Belçika dün, Gazze şehrini kontrol altına alma planı nedeniyle İsrail büyükelçisini çağırdığını duyurdu.

Belçika Dışişleri Bakanı Maxime Prevot, “Amaç açık, bu kararı tamamen reddettiğimizi ifade etmek” dedi.

Mısır Cumhurbaşkanı Abdülfettah es-Sisi (Mısır Cumhurbaşkanlığı)Mısır Cumhurbaşkanı Abdülfettah es-Sisi (Mısır Cumhurbaşkanlığı)

Mısır

Mısır Dışişleri Bakanlığı tarafından yayınlanan açıklamada, “en şiddetli ifadelerle” İsrail'in “Filistin topraklarında yasadışı işgalini pekiştirmek, Gazze'de soykırım savaşını sürdürmek, Filistin halkının yaşam kaynaklarını yok etmek, kendi kaderini tayin etme ve bağımsız devlet kurma hakkını ortadan kaldırmak ve Filistin meselesini tasfiye etmek” olarak nitelendirdiği planı kınadı.

Mısır, bu adımı uluslararası hukukun ve uluslararası insancıl hukukun açık ve kabul edilemez bir ihlali" olarak değerlendirdi.

Ürdün

Ürdün Kraliyet Sarayı'ndan yapılan açıklamada, Kral Abdullah II'nin Filistin Devlet Başkanı Mahmud Abbas ile yaptığı telefon görüşmesinde, “Ürdün'ün, iki devletli çözümü ve Filistin halkının haklarını baltalayan ve Gazze'deki ateşkes ve insani yardım anlaşmasına varma çabalarını tehdit eden bu adımı kesin bir şekilde reddettiğini ve kınadığını” vurguladığı belirtildi.

Çin

Çin, dün planla ilgili “derin endişesini” dile getirerek, İsrail'e “tehlikeli hareketlerini derhal durdurması” çağrısında bulundu.

Çin Dışişleri Bakanlığı sözcüsü, Fransız haber ajansı AFP'ye yaptığı açıklamada, “Gazze Filistinlilere aittir ve Filistin topraklarının ayrılmaz bir parçasıdır” dedi.

İran

İran Dışişleri Bakanlığı, İsrail'i Gazze'yi kontrol altına alarak “soykırım” planlamakla suçladı.

Tahran, İsrail'in Gazze'yi kontrol altına alma planının “etnik temizlik” niyetini teyit ettiğini belirtti.

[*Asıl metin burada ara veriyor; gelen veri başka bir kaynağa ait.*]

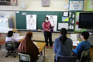 大きな声が出せない中で、楽しんでできる工夫された授業でした!!
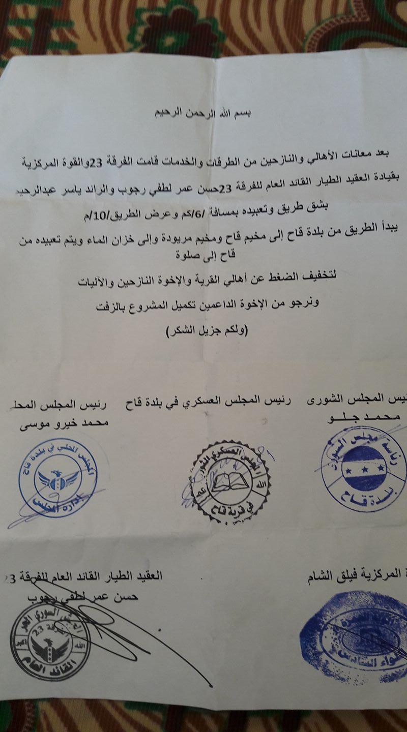 بيان حول فتح الطريق بين بلدة قاح ومخيم قاح ومخيم مريودة وإلى خزان المياه بطول 6 كلم وبعرض 10 متر
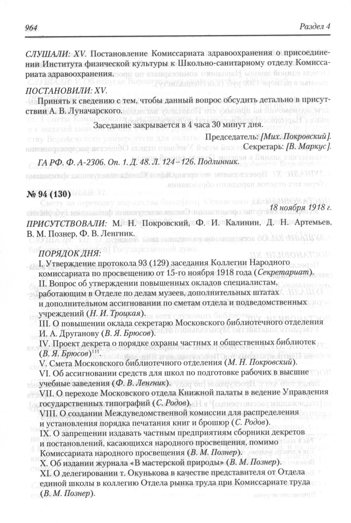 Протокол заседания Коллегии Народного комиссариата по просвещению РСФСР № 94 (130). 18 ноября 1918 г. // ГА РФ. Ф. А-2306. Оп. 1. Д. 48. Л. 127-130 об. Подлинник.
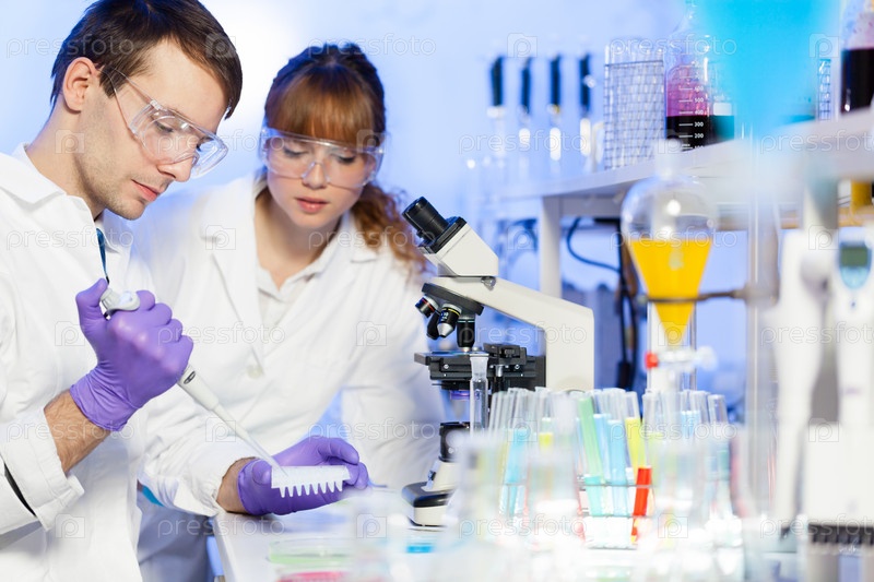 Ученые проводят опыты и исследования в лаборатории
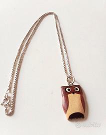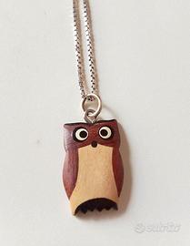 CATENINA ARGENTO 925 E GUFETTO PORTAFORTUNA LEGNO
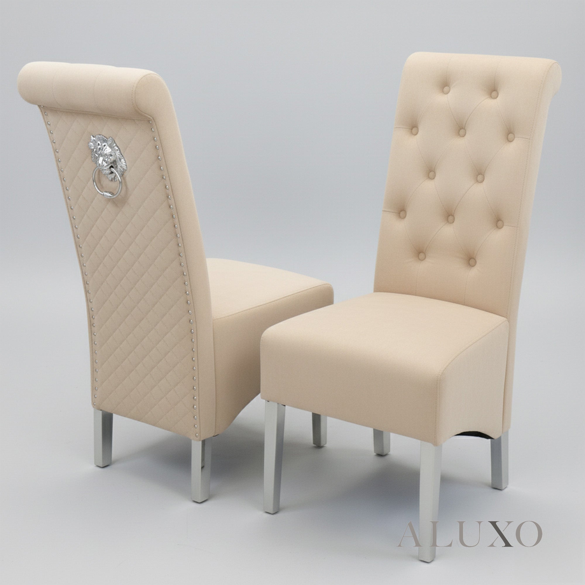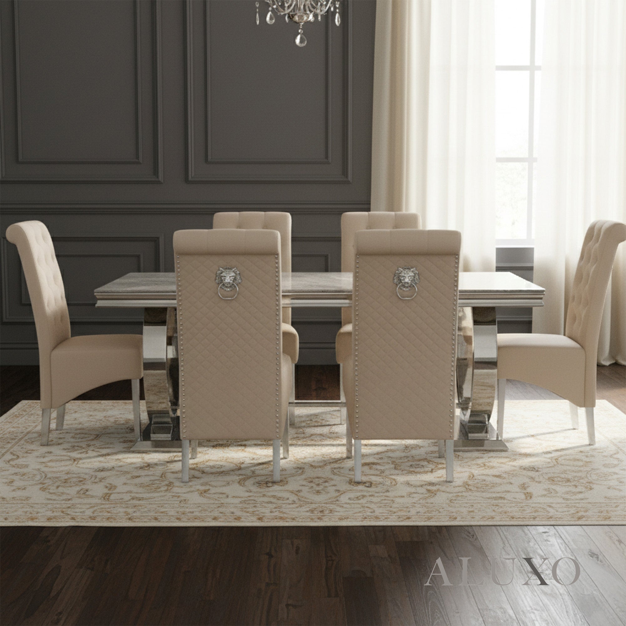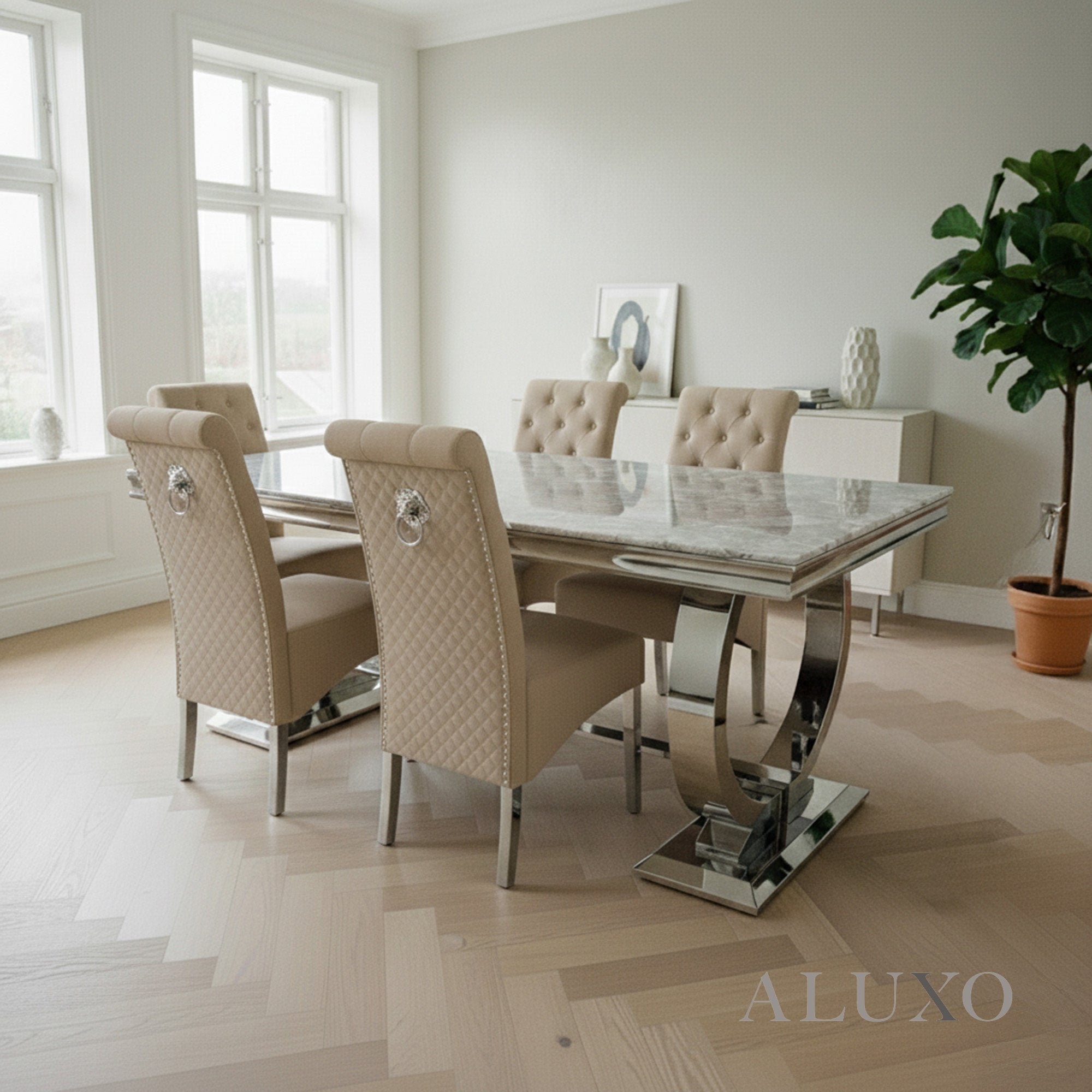 Introducing the Orvar 1.8m Marble Dining Table, a true centrepiece designed for contemporary living. The light grey marble laminate tabletop (15–25mm) features natural mid-grey veining, perfectly balancing elegance and durability. Its striking chrome double O stand base delivers a modern statement, while the sleek lines and polished finish make it easy to wipe clean—ideal for busy family homes. Paired with Einar Cream Velvet Lion Knocker Chairs, upholstered in plush velvet with quilted stitching, button stud detailing and chrome legs, this dining set combines glamour with everyday functionality.

Fransa Cumhurbaşkanı Emmanuel Macron (EPA)Fransa Cumhurbaşkanı Emmanuel Macron (EPA)

Fransa

Fransa Dışişleri Bakanı Jean-Noel Barrot, Paris'in, İsrail hükümetinin Gazze'yi tamamen işgal etme planını şiddetle kınadığını söyledi.

Barrot, “X” sitesinde yayınlanan açıklamada, “Bu operasyon, zaten felaket halindeki durumu daha da kötüleştirecek ve (Hamas'ın) elindeki rehinelerin serbest bırakılmasını, silahsızlandırılmasını ve teslim olmasını sağlamayacaktır” dedi.

Kanada

Kanada Başbakanı Marc Carney, İsrail'in Gazze'nin tamamını işgal etme planının “yanlış” olduğunu belirterek, “İsrail'in planı rehinelerin hayatını daha büyük tehlikeye atacaktır” ifadesini kullandı.